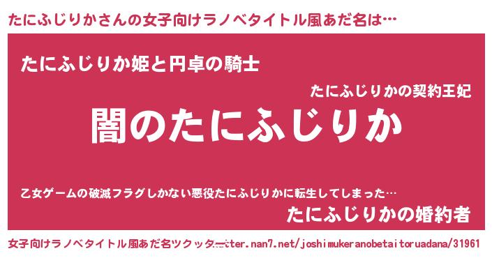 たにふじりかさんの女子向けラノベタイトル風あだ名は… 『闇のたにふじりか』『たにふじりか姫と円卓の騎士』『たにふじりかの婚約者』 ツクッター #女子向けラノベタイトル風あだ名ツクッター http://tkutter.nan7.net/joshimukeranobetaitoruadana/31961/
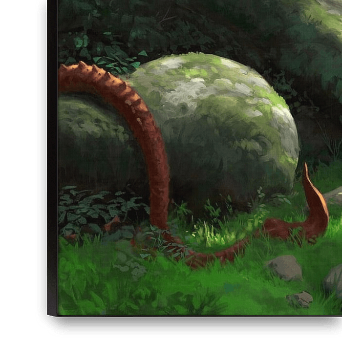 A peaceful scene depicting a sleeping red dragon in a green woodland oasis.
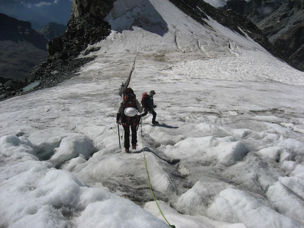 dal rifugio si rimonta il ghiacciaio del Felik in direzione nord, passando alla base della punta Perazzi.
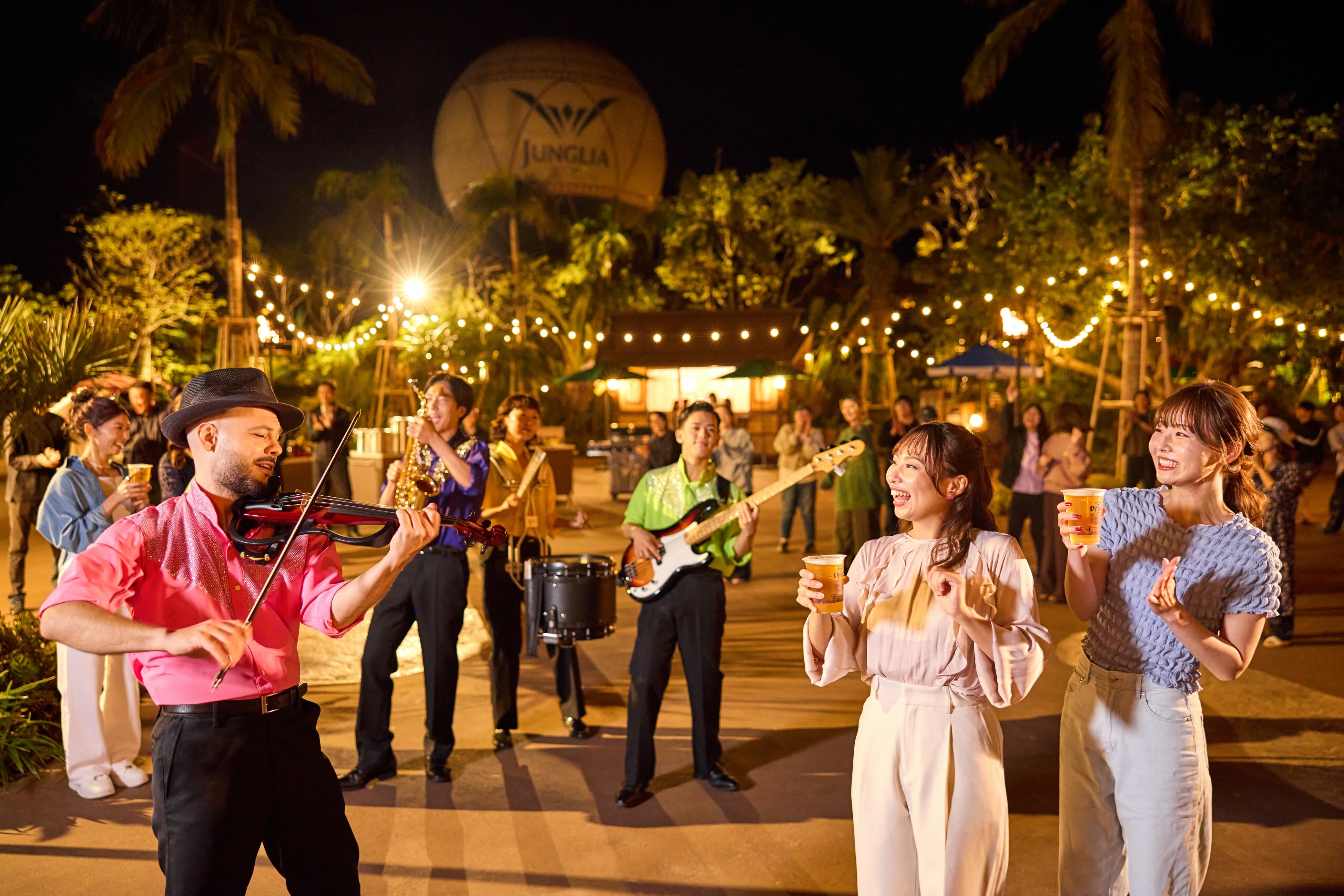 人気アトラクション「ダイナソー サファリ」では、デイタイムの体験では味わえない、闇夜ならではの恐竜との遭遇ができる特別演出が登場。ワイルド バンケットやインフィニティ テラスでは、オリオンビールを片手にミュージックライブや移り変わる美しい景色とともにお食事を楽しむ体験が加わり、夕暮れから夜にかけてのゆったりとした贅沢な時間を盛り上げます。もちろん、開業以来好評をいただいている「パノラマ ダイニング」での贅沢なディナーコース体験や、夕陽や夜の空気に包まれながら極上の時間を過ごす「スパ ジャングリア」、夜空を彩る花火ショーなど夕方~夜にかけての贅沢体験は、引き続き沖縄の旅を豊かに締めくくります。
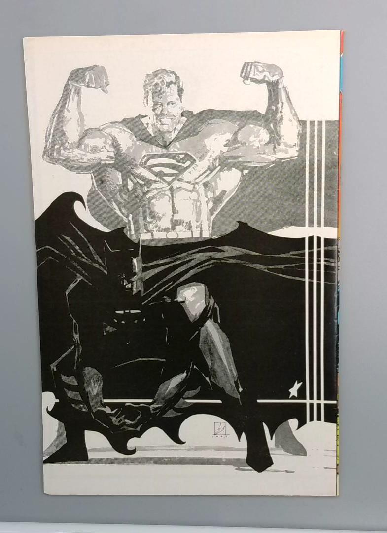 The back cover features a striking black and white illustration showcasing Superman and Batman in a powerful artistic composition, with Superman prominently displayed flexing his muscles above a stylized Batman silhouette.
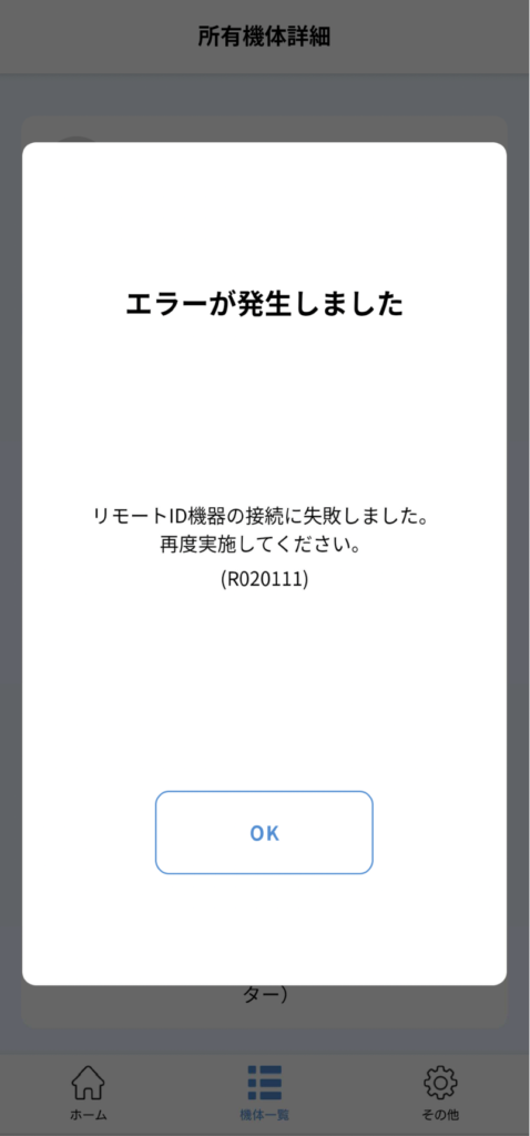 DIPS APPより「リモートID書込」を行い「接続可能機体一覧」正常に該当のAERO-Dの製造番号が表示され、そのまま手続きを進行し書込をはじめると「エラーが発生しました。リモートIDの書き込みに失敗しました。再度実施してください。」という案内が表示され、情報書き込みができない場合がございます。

--

● **Work task**:
The records above are to be reproduced exactly; the pictures are to be left out.

● **Response box**:
 たにふじりかさんの女子向けラノベタイトル風あだ名は… 『闇のたにふじりか』『たにふじりか姫と円卓の騎士』『たにふじりかの婚約者』 ツクッター #女子向けラノベタイトル風あだ名ツクッター http://tkutter.nan7.net/joshimukeranobetaitoruadana/31961/
 A peaceful scene depicting a sleeping red dragon in a green woodland oasis.
 dal rifugio si rimonta il ghiacciaio del Felik in direzione nord, passando alla base della punta Perazzi.
 人気アトラクション「ダイナソー サファリ」では、デイタイムの体験では味わえない、闇夜ならではの恐竜との遭遇ができる特別演出が登場。ワイルド バンケットやインフィニティ テラスでは、オリオンビールを片手にミュージックライブや移り変わる美しい景色とともにお食事を楽しむ体験が加わり、夕暮れから夜にかけてのゆったりとした贅沢な時間を盛り上げます。もちろん、開業以来好評をいただいている「パノラマ ダイニング」での贅沢なディナーコース体験や、夕陽や夜の空気に包まれながら極上の時間を過ごす「スパ ジャングリア」、夜空を彩る花火ショーなど夕方~夜にかけての贅沢体験は、引き続き沖縄の旅を豊かに締めくくります。
 The back cover features a striking black and white illustration showcasing Superman and Batman in a powerful artistic composition, with Superman prominently displayed flexing his muscles above a stylized Batman silhouette.
 DIPS APPより「リモートID書込」を行い「接続可能機体一覧」正常に該当のAERO-Dの製造番号が表示され、そのまま手続きを進行し書込をはじめると「エラーが発生しました。リモートIDの書き込みに失敗しました。再度実施してください。」という案内が表示され、情報書き込みができない場合がございます。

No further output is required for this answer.